My Dog does not like brushing teeth:
There is not a single dog in this world that will voluntarily allow anyone or anything to poke around the insides of the mouth. This is not natural for dogs. If you have a puppy, it is easier to desensitize him/her to you touching the teeth and gums.
Rub your fingers gently around the gums and mouth, touching their teeth. Your dog may allow you to do this only for a few seconds for the first time. Increase the time as you go along. Once your dog trusts you with your hands in his/her mouth, teeth brushing can be done very easily.
If your dog is still resistant to teeth brushing, raw meaty bones provide the best cleaning.
How does raw food help dental health?
If you are already feeding a raw diet to your dog, you have won half the battle against dental problems. Carbohydrate-rich foods, even the ones in their dry form, will only go so far in clearing out plaque.
Raw foods, even the ground forms, help control tartar build-up. Unlike kibble, raw food does not stick to dog’s teeth. Raw bones (whole or ground) provide gentle abrasion on the teeth removing any debris when chewed.
Digestive enzymes like amylase and cellulase are not predominant in dogs’ mouths, and starch-rich foods cannot be broken down easily. Thereby causing a biofilm on the surface of their teeth. Raw foods, when done right, are very low in carbohydrates.

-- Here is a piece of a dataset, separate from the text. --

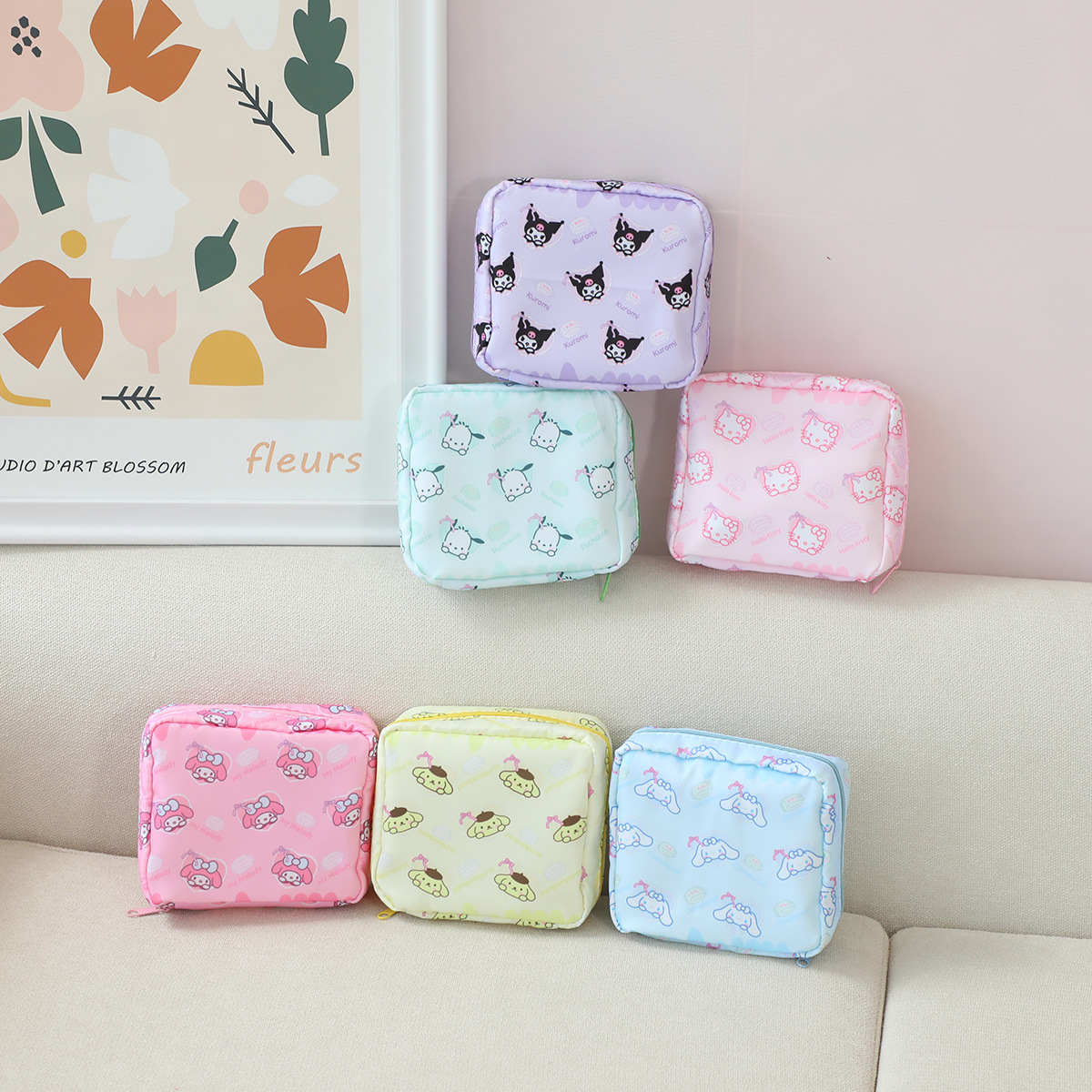 귀여운 Kulomi 휴대용 대용량 위생 면 월간 작은 가방 위생 냅킨 저장 가방 이모 냅킨 가방

Edible raw bones like chicken or turkey necks, thighs, backs, wings
etc. are very effective in cleaning teeth. And these bones can be consumed whole. Recreational bones like femur bones, marrow bones etc. also help maintain dental hygiene. These bones should not be consumed whole. For dogs that tend to swallow/gulp whole bones or chew aggressively, it is better to provide edible raw bones. Continuous monitoring is required while feeding any bone to your dog.
Keep your dog’s teeth is the best condition possible. Move your dog to biologically appropriate foods and ensure regular teeth cleaning. Wagging tails, healthy bodies, and happy smiles go hand in hand!